Старая горластая Акулина, про которую говорили в деревне «чертова баба», аккуратно поправила платочек на голове, смущенно поджала губки.
— Всяко, Василий, бывает. — И замолчала.
Анастасия, физичка из новеньких учительш, взглянув на стариков, подумала: «Здесь молодыми были, здесь и старятся».
— Крути, Андрюха! Засиделись! — громко высказался широкоплечий парень в черном матросском бушлате.
— Кто это? — шепнула Анастасия, наклонившись к Антонине.
— Василисы сын, из армии пришел, пять лет во флоте служил,— неожиданно вдруг зарделась Антонина.
Антонина работает в школе седьмой год. Незамужняя невеста на селе — всегда первая невеста. Но жениха для нее не могли сыскать. Маленькая, аккуратненькая, а вот лицом не вышла. Будто топором вырублен крупный нос, широкий губастый рот. Украшают лицо только глаза — крупные, зеленые, с длинными ресницами. На каникулы домой Антонина не уезжает. В деревне поговаривали, что, наверное, у ней и дома-то нет! Расспрашивать никто не решался. Сама же Антонина ничего не рассказывала. Жила в учительском общежитии, на село уходить не хотела. Была со странностями, подолгу молчала, думая о чем-то своем. Как-то за учительским застольем призналась:
— Привыкла жить среди людей. Чем больше их вокруг, тем веселее.
— Ничего парень, крепкий, сильный! — продолжала шептать Анастасия. — Чем не жених? Давай посватаемся? — Антонина странно взглянула на собеседницу, и только.
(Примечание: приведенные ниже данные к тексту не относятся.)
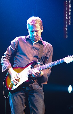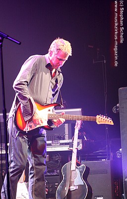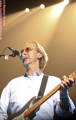 Dann kamen zwei Stücke von Mike’s Stammband Genesis. Zunächst bot die Band eine Version von „Follow You, Follow Me“, bei der Tim stimmlich durchaus an Phil Collins heranreichte. Es folgte mit „I Can’t Dance“ ein weiterer Genesis-Hit, bei dem Roachford und Tim sich auf der Bühne bewegten wie seinerzeit Rutherford, Banks und Collins im Musikvideo. Dass diese Stücke nicht unbedingt in großen Arenen und mit einer überdimensionierten Show funktionieren wurde beim Auftritt in Duisburg besonders deutlich. Und wann hat man auch schon mal die Möglichkeit Mike Rutherford aus wenigen Metern Entfernung sehen zu können?

Прошло дней десять. Поздним вечером Анастасия сидела за столом, готовилась к занятиям. Скользнув взглядом по окну, вдруг увидела чье-то лицо, вскочила, задернула занавеску. Сердце отчаянно заколотилось.
— Кто там? — прошептала Анастасия. В стекло постучали тихо и робко.
— Откройте, — голос был хриплым и взволнованным.
— Сейчас... — в нерешительности остановилась у порога.
— Настюша, кто стучит-то? — сквозь сон спросила хозяйка из-за печки, где стояла ее кровать.
— Не знаю. Просят открыть.
— А чего медлишь? Человека ждать заставляешь.
— Вот уж одичала от деревенской жизни, что и людей стала бояться, — выдохнула Анастасия, взяла фонарик-жужжалку, вышла в сени.
Через дощатую дверь ощутила чье-то взволнованное дыхание. Волнение передалось и Анастасии. Положила руку на щеколду, отодвинула засов, увидела моряка из клуба. Большие голубые глаза смотрели на Анастасию, не отрываясь.